Желание быть оригинальным, другим, лучшим часто принимало гротескные формы. Умберто Боччьо- ни, автор манифеста футуристической живописи, жалуется в одном из своих писем, что не знает, как ему писать. Он чувствует лишь, что должен это делать иначе. Выражение «хотеть значит мочь» красиво звучит, пока не очутишься один на один с пустым подрамником, чистым листом бумаги или столом с наколотой калькой…
Приведенные здесь примеры из области живописи отнюдь не случайны. Именно в живописи XIX и начала XX в. мы могли наблюдать наиболее зрелищные изменения, происходившие в общественном мнении и профессиональной критике; именно на этой почве год за годом, скандал за скандалом, росла убежденность в необходимости борьбы, которая наверняка закончится признанием, о необходимости «другого», т. е. создавался миф.
Аналогичные позиции и действия творцов можно проследить в литературе, музыке, театре.
Начатая в XIX в. гонка за новизной продолжается.

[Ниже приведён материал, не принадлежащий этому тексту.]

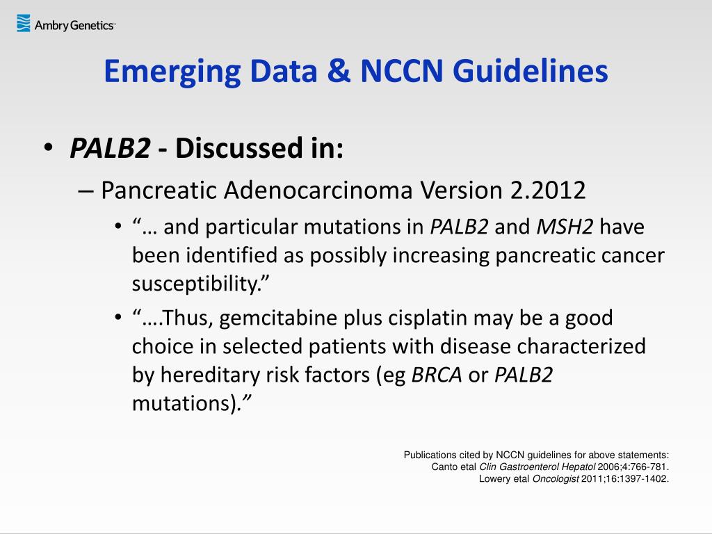 Emerging Data & NCCN Guidelines • PALB2 - Discussed in: • Pancreatic Adenocarcinoma Version 2.2012 • “… and particular mutations in PALB2 and MSH2 have been identified as possibly increasing pancreatic cancer susceptibility.” • “….Thus, gemcitabine plus cisplatin may be a good choice in selected patients with disease characterized by hereditary risk factors (egBRCA or PALB2 mutations).” Publications cited by NCCN guidelines for above statements: Canto etalClinGastroenterolHepatol 2006;4:766-781. Lowery etalOncologist 2011;16:1397-1402.
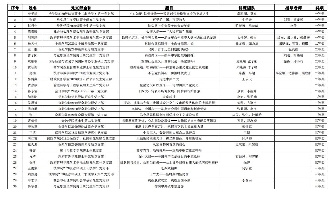 为深入学习贯彻习近平新时代中国特色社会主义思想,迎接中国共产党百年华诞,大力推进研究生党员骨干队伍建设,学校于2021年3月正式启动红旌工程“百场党课悟初心”研究生党支部书记微党课大赛。本次大赛共设122个题目,最终收到115份微党课视频作品。经过审核评价和线下决赛两个阶段的评审,最终评出一等奖5名、二等奖10名、三等奖15名,具体公示如下:

Однако если создание «другого»—«нового» применительно к картине, скульптуре, литературному или музыкальному произведению является решением самого автора (ибо на картину можно не смотреть, поэму не читать, музыку не слушать), то в случае непосредственного перенесения этих тенденций на почву архитектуры возникают многочисленные сомнения, поскольку здесь «новое» должно (независимо от того, нравится это архитекторам или нет) считаться с мнением будущих потребителей.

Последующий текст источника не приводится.